In the data below, reproduce everything exactly except the images.

[Data extract Boundary: Start]

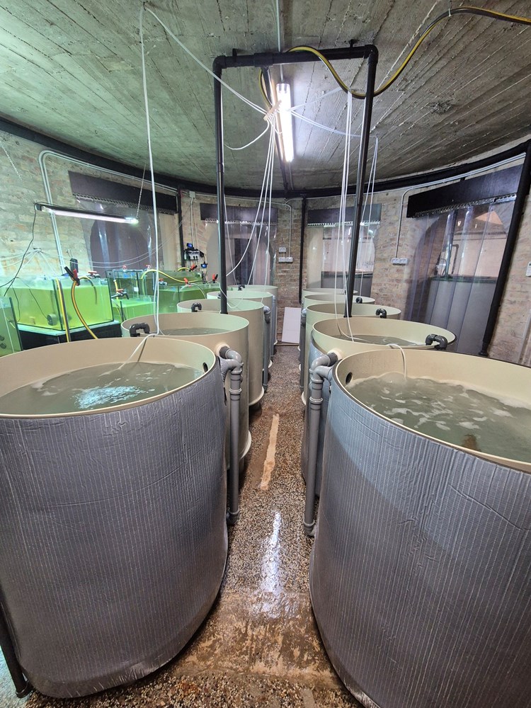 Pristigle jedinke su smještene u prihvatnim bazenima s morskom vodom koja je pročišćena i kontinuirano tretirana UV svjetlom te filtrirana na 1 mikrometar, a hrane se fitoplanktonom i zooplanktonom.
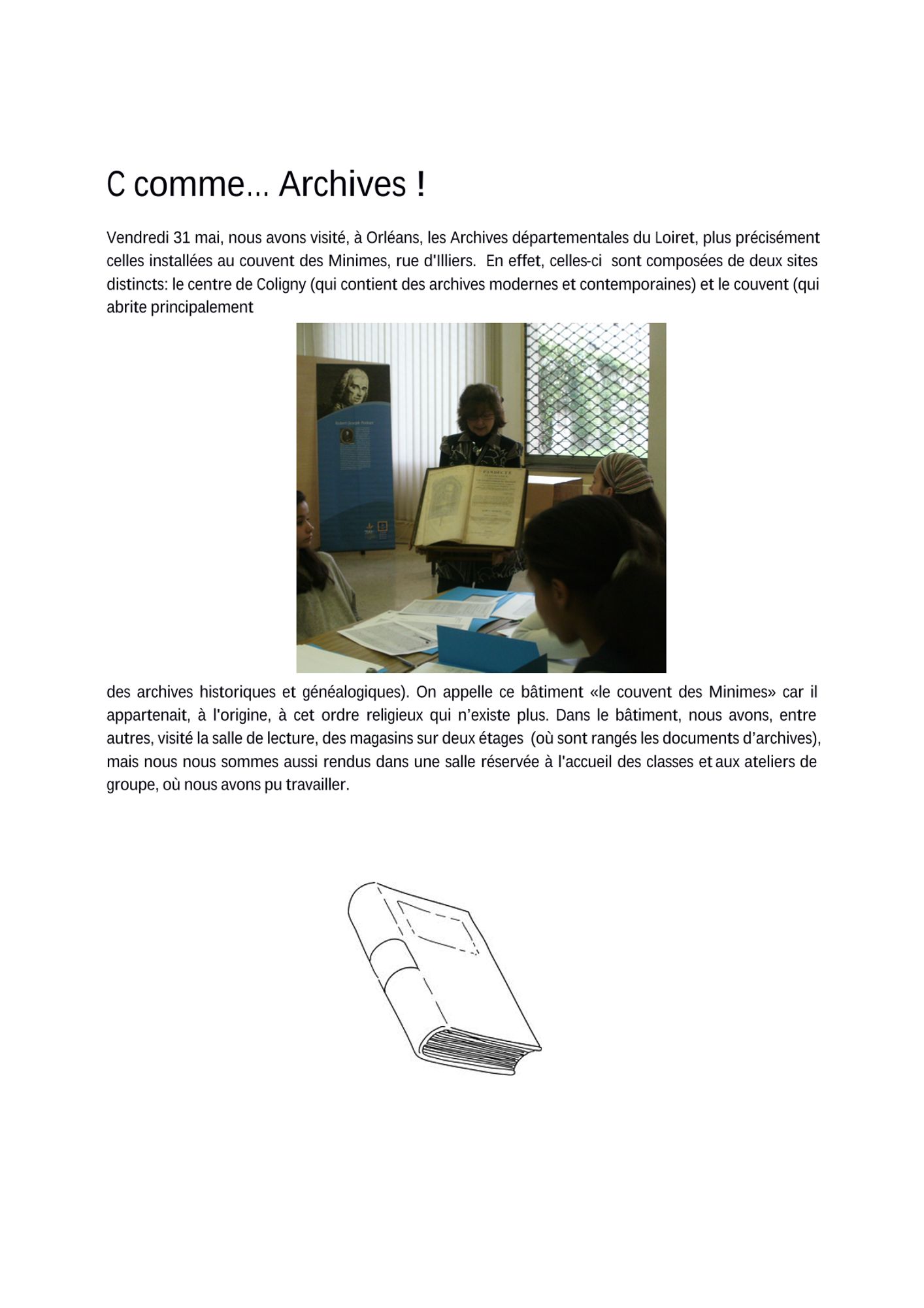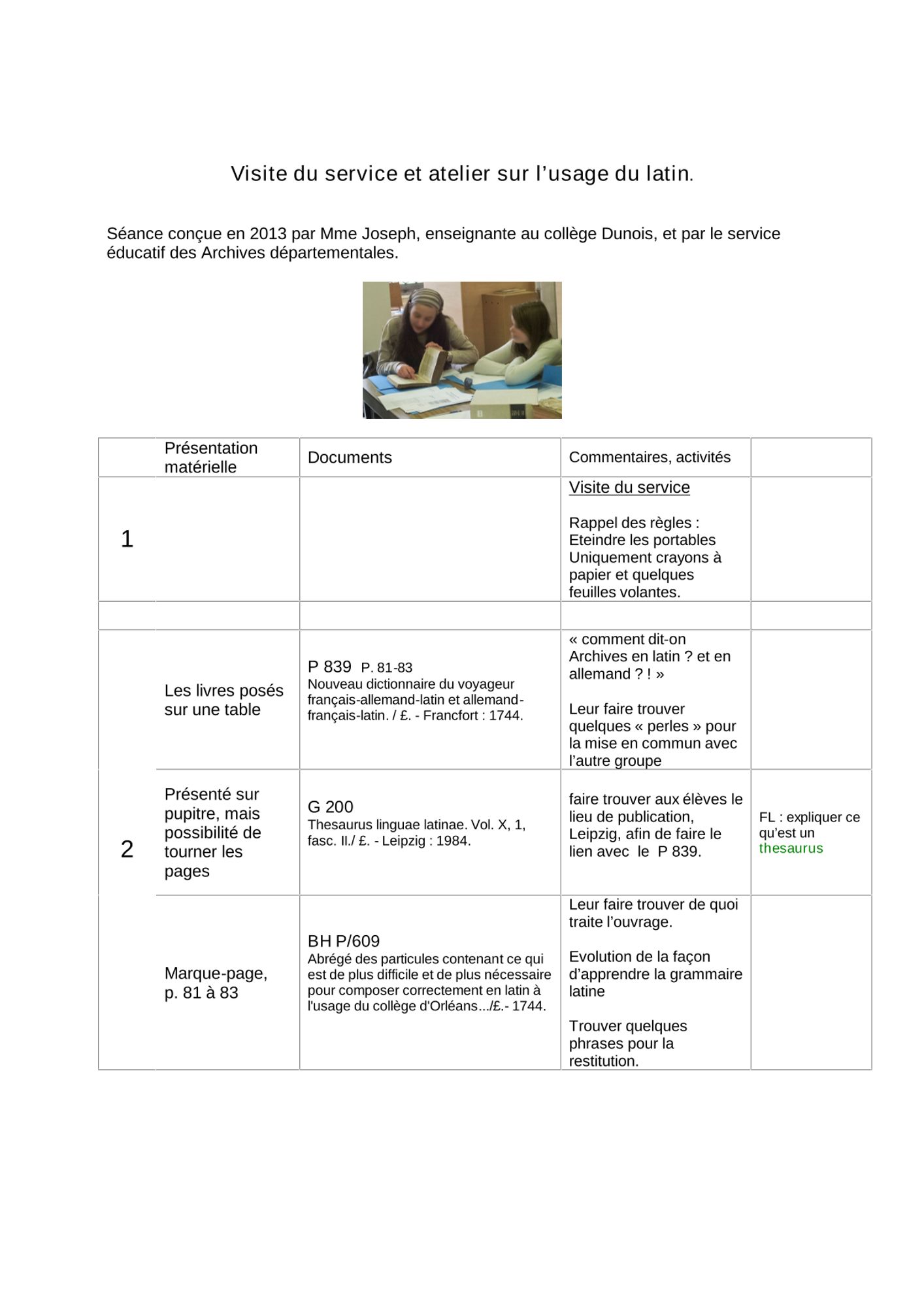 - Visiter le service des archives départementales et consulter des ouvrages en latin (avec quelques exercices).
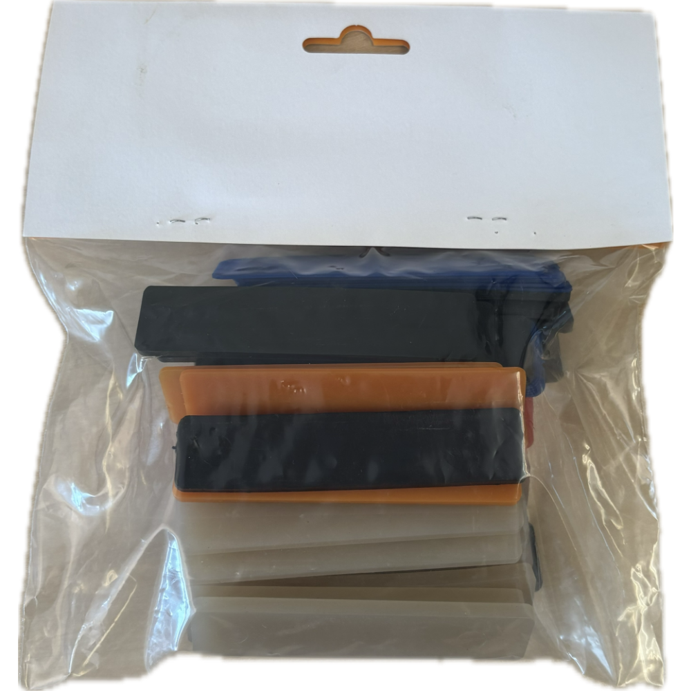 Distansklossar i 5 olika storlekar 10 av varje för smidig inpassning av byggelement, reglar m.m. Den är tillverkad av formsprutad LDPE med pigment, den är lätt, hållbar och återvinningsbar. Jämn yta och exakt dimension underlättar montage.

[Data extract Boundary: End]

Exercise answer =>
 Pristigle jedinke su smještene u prihvatnim bazenima s morskom vodom koja je pročišćena i kontinuirano tretirana UV svjetlom te filtrirana na 1 mikrometar, a hrane se fitoplanktonom i zooplanktonom.
 - Visiter le service des archives départementales et consulter des ouvrages en latin (avec quelques exercices).
 Distansklossar i 5 olika storlekar 10 av varje för smidig inpassning av byggelement, reglar m.m. Den är tillverkad av formsprutad LDPE med pigment, den är lätt, hållbar och återvinningsbar. Jämn yta och exakt dimension underlättar montage.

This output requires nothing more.